Task statement: Make a verbatim copy of the records; pictures stay out.

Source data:
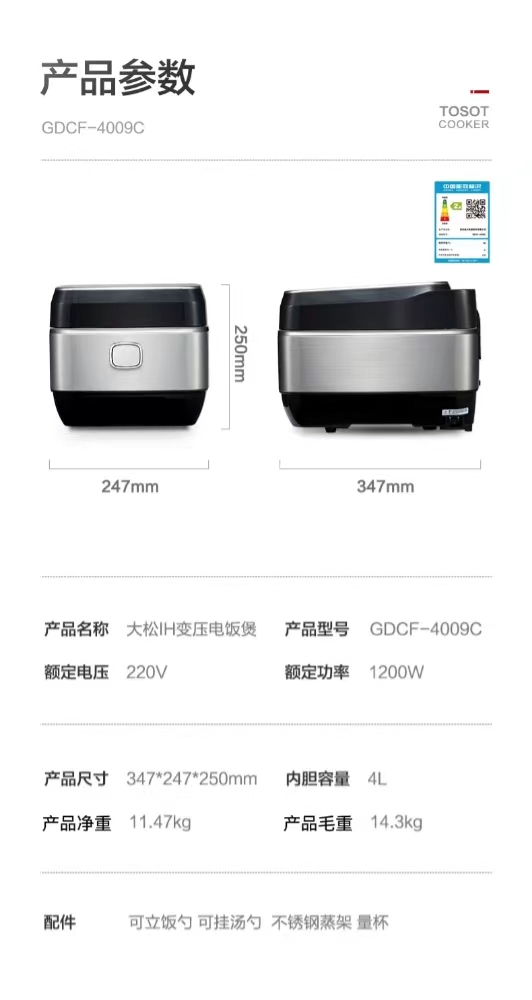 【预售】格力·大松·IH电饭煲 百香煲GDCF-4009C (黑+银)
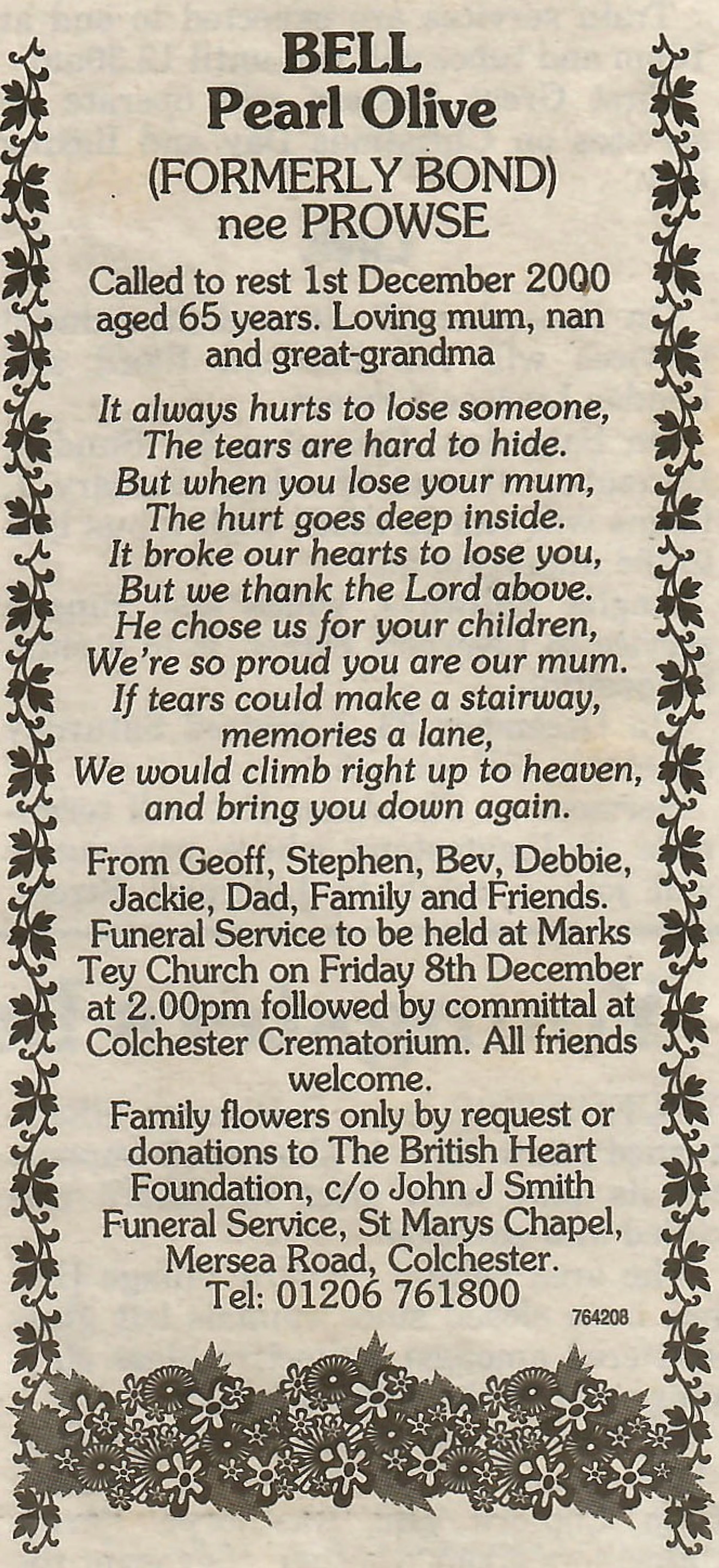 Newspaper death notice.
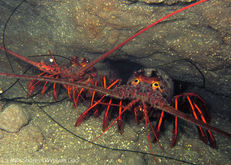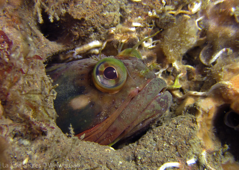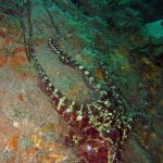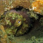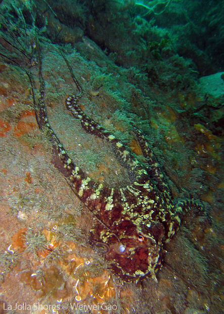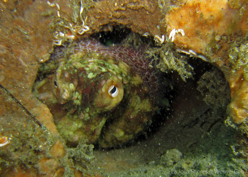 • A big two-spot octopus was out. As soon as I approached, he ran back into the crevice. This was the first time I saw a two-spot wandering out.
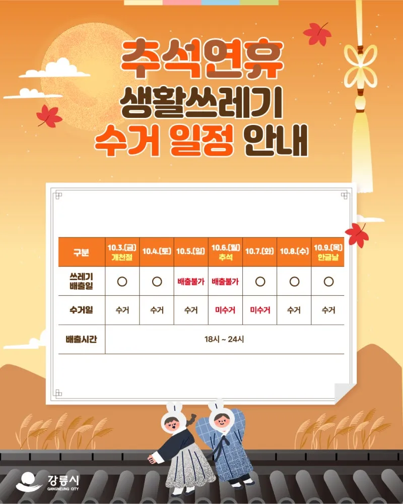 5️⃣ 추석연휴 생활쓰레기 수거 일정 안내
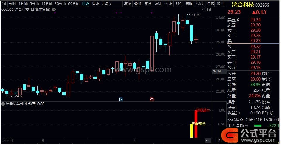 【极致尾选】尾盘选股公式 95%胜率尾盘阴线策略 手机电脑通用指标
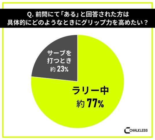 卓球経験者の中でグリップ力を高めたいと感じるシーンとして、「ラリー中」と回答した人が約77%、「サーブを打つとき」と回答した人が約23%いました。
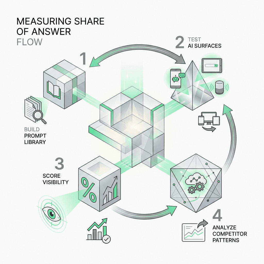 Measure before you enhance—build a prompt library, test across platforms, track Share of Answer over time
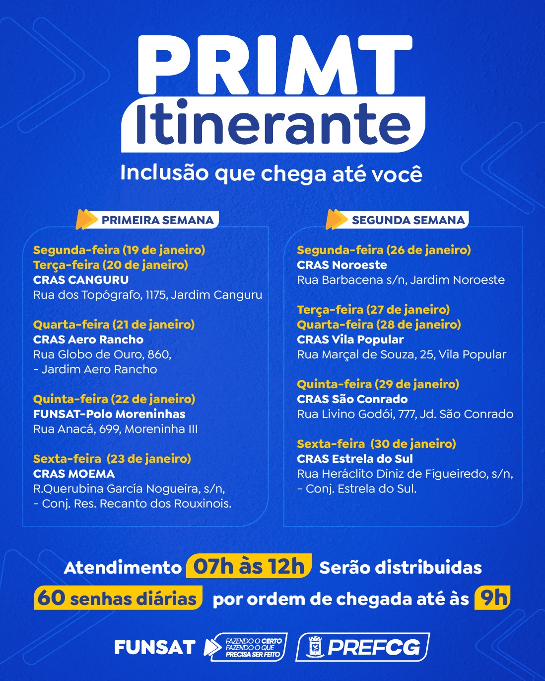 A partir de segunda-feira (19), a Funsat inicia um novo período de inscrições do projeto “Primt Itinerante”, que irá abranger todas as regiões de Campo Grande. Serão realizadas captações de novas candidaturas para o Cadastro Reserva, que atenderá convocações de, pelo menos, 200 beneficiários em fevereiro, além de novas chamadas previstas para o primeiro semestre de 2026.
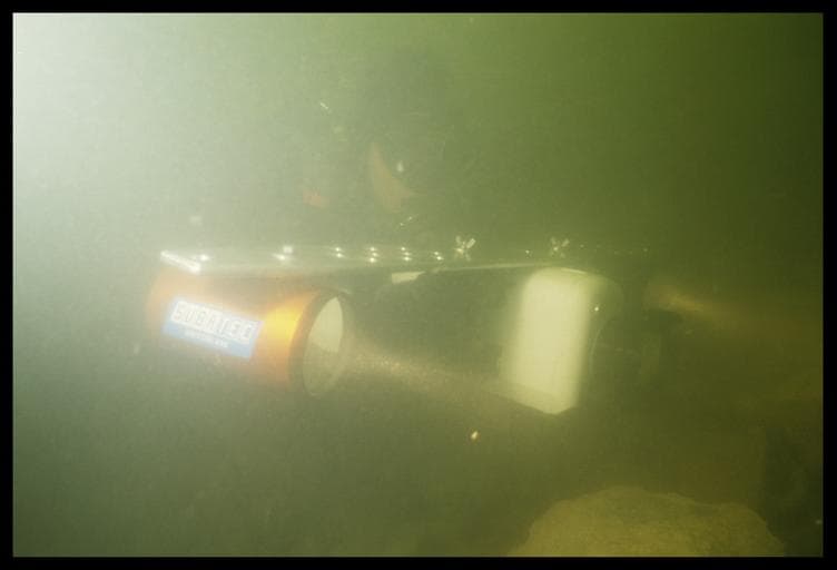 Vue sous-marine d'un plongeur vidéaste (fouille L. Long/Drassm).
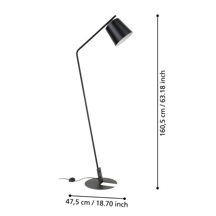 Φωτιστικό δαπέδου Oneda της Eglo σε μαύρο χρώμα, με ντουί για λαμπτήρες E27.
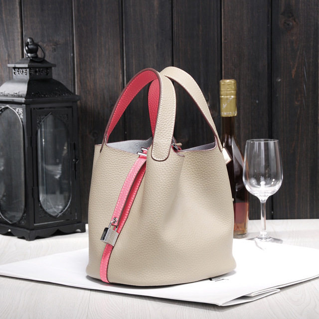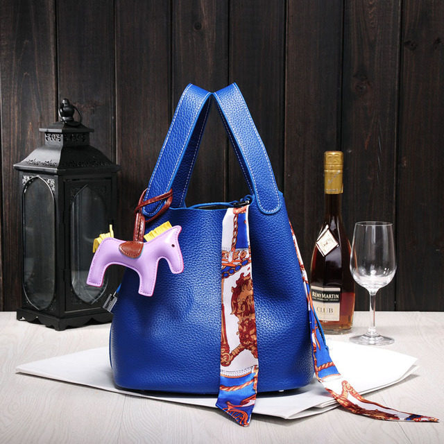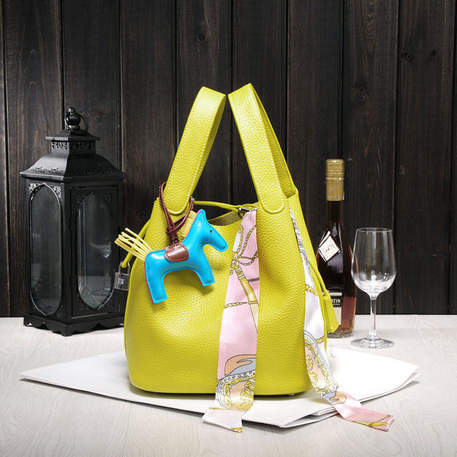 📚 奢侈大牌同款配小马软牛皮真皮百搭水桶女包荔枝纹手拎手提菜蓝包
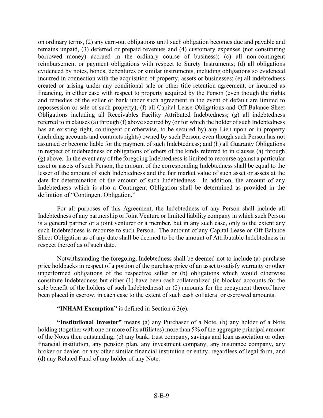 S-B-9 on ordinary terms, (2) any earn-out obligations until such obligation becomes due and payable and remains unpaid, (3) deferred or prepaid revenues and (4) customary expenses (not constituting borrowed money) accrued in the ordinary course of business); (c) all non-contingent reimbursement or payment obligations with respect to Surety Instruments; (d) all obligations evidenced by notes, bonds, debentures or similar instruments, including obligations so evidenced incurred in connection with the acquisition of property, assets or businesses; (e) all indebtedness created or arising under any conditional sale or other title retention agreement, or incurred as financing, in either case with respect to property acquired by the Person (even though the rights and remedies of the seller or bank under such agreement in the event of default are limited to repossession or sale of such property); (f) all Capital Lease Obligations and Off Balance Sheet Obligations including all Receivables Facility Attributed Indebtedness; (g) all indebtedness referred to in clauses (a) through (f) above secured by (or for which the holder of such Indebtedness has an existing right, contingent or otherwise, to be secured by) any Lien upon or in property (including accounts and contracts rights) owned by such Person, even though such Person has not assumed or become liable for the payment of such Indebtedness; and (h) all Guaranty Obligations in respect of indebtedness or obligations of others of the kinds referred to in clauses (a) through (g) above. In the event any of the foregoing Indebtedness is limited to recourse against a particular asset or assets of such Person, the amount of the corresponding Indebtedness shall be equal to the lesser of the amount of such Indebtedness and the fair market value of such asset or assets at the date for determination of the amount of such Indebtedness. In addition, the amount of any Indebtedness which is also a Contingent Obligation shall be determined as provided in the definition of “Contingent Obligation.” For all purposes of this Agreement, the Indebtedness of any Person shall include all Indebtedness of any partnership or Joint Venture or limited liability company in which such Person is a general partner or a joint venturer or a member, but in any such case, only to the extent any such Indebtedness is recourse to such Person. The amount of any Capital Lease or Off Balance Sheet Obligation as of any date shall be deemed to be the amount of Attributable Indebtedness in respect thereof as of such date. Notwithstanding the foregoing, Indebtedness shall be deemed not to include (a) purchase price holdbacks in respect of a portion of the purchase price of an asset to satisfy warranty or other unperformed obligations of the respective seller or (b) obligations which would otherwise constitute Indebtedness but either (1) have been cash collateralized (in blocked accounts for the sole benefit of the holders of such Indebtedness) or (2) amounts for the repayment thereof have been placed in escrow, in each case to the extent of such cash collateral or escrowed amounts. “INHAM Exemption” is defined in Section 6.3(e). “Institutional Investor” means (a) any Purchaser of a Note, (b) any holder of a Note holding (together with one or more of its affiliates) more than 5% of the aggregate principal amount of the Notes then outstanding, (c) any bank, trust company, savings and loan association or other financial institution, any pension plan, any investment company, any insurance company, any broker or dealer, or any other similar financial institution or entity, regardless of legal form, and (d) any Related Fund of any holder of any Note.
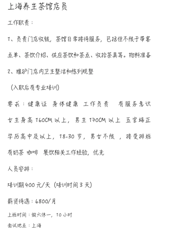 要求:健康证 身体健康 工作负责 有服务意识 女生身高160CM以上,男生170CM以上 五官端正 学历高中及以上,18-30岁,男女不限 ,接受排班 有奶茶 咖啡 餐饮相关工作经验,优先
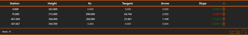 · Kv: Node’s vertical curve. It can be edited by double clicking it, it can only be confirmed if the new Kv doesn’t provoke an overlap.

Finished task:
 【预售】格力·大松·IH电饭煲 百香煲GDCF-4009C (黑+银)
 Newspaper death notice.
 • A big two-spot octopus was out. As soon as I approached, he ran back into the crevice. This was the first time I saw a two-spot wandering out.
 5️⃣ 추석연휴 생활쓰레기 수거 일정 안내
 【极致尾选】尾盘选股公式 95%胜率尾盘阴线策略 手机电脑通用指标
 卓球経験者の中でグリップ力を高めたいと感じるシーンとして、「ラリー中」と回答した人が約77%、「サーブを打つとき」と回答した人が約23%いました。
 Measure before you enhance—build a prompt library, test across platforms, track Share of Answer over time
 A partir de segunda-feira (19), a Funsat inicia um novo período de inscrições do projeto “Primt Itinerante”, que irá abranger todas as regiões de Campo Grande. Serão realizadas captações de novas candidaturas para o Cadastro Reserva, que atenderá convocações de, pelo menos, 200 beneficiários em fevereiro, além de novas chamadas previstas para o primeiro semestre de 2026.
 Vue sous-marine d'un plongeur vidéaste (fouille L. Long/Drassm).
 Φωτιστικό δαπέδου Oneda της Eglo σε μαύρο χρώμα, με ντουί για λαμπτήρες E27.
 📚 奢侈大牌同款配小马软牛皮真皮百搭水桶女包荔枝纹手拎手提菜蓝包
 S-B-9 on ordinary terms, (2) any earn-out obligations until such obligation becomes due and payable and remains unpaid, (3) deferred or prepaid revenues and (4) customary expenses (not constituting borrowed money) accrued in the ordinary course of business); (c) all non-contingent reimbursement or payment obligations with respect to Surety Instruments; (d) all obligations evidenced by notes, bonds, debentures or similar instruments, including obligations so evidenced incurred in connection with the acquisition of property, assets or businesses; (e) all indebtedness created or arising under any conditional sale or other title retention agreement, or incurred as financing, in either case with respect to property acquired by the Person (even though the rights and remedies of the seller or bank under such agreement in the event of default are limited to repossession or sale of such property); (f) all Capital Lease Obligations and Off Balance Sheet Obligations including all Receivables Facility Attributed Indebtedness; (g) all indebtedness referred to in clauses (a) through (f) above secured by (or for which the holder of such Indebtedness has an existing right, contingent or otherwise, to be secured by) any Lien upon or in property (including accounts and contracts rights) owned by such Person, even though such Person has not assumed or become liable for the payment of such Indebtedness; and (h) all Guaranty Obligations in respect of indebtedness or obligations of others of the kinds referred to in clauses (a) through (g) above. In the event any of the foregoing Indebtedness is limited to recourse against a particular asset or assets of such Person, the amount of the corresponding Indebtedness shall be equal to the lesser of the amount of such Indebtedness and the fair market value of such asset or assets at the date for determination of the amount of such Indebtedness. In addition, the amount of any Indebtedness which is also a Contingent Obligation shall be determined as provided in the definition of “Contingent Obligation.” For all purposes of this Agreement, the Indebtedness of any Person shall include all Indebtedness of any partnership or Joint Venture or limited liability company in which such Person is a general partner or a joint venturer or a member, but in any such case, only to the extent any such Indebtedness is recourse to such Person. The amount of any Capital Lease or Off Balance Sheet Obligation as of any date shall be deemed to be the amount of Attributable Indebtedness in respect thereof as of such date. Notwithstanding the foregoing, Indebtedness shall be deemed not to include (a) purchase price holdbacks in respect of a portion of the purchase price of an asset to satisfy warranty or other unperformed obligations of the respective seller or (b) obligations which would otherwise constitute Indebtedness but either (1) have been cash collateralized (in blocked accounts for the sole benefit of the holders of such Indebtedness) or (2) amounts for the repayment thereof have been placed in escrow, in each case to the extent of such cash collateral or escrowed amounts. “INHAM Exemption” is defined in Section 6.3(e). “Institutional Investor” means (a) any Purchaser of a Note, (b) any holder of a Note holding (together with one or more of its affiliates) more than 5% of the aggregate principal amount of the Notes then outstanding, (c) any bank, trust company, savings and loan association or other financial institution, any pension plan, any investment company, any insurance company, any broker or dealer, or any other similar financial institution or entity, regardless of legal form, and (d) any Related Fund of any holder of any Note.
 要求:健康证 身体健康 工作负责 有服务意识 女生身高160CM以上,男生170CM以上 五官端正 学历高中及以上,18-30岁,男女不限 ,接受排班 有奶茶 咖啡 餐饮相关工作经验,优先
 · Kv: Node’s vertical curve. It can be edited by double clicking it, it can only be confirmed if the new Kv doesn’t provoke an overlap.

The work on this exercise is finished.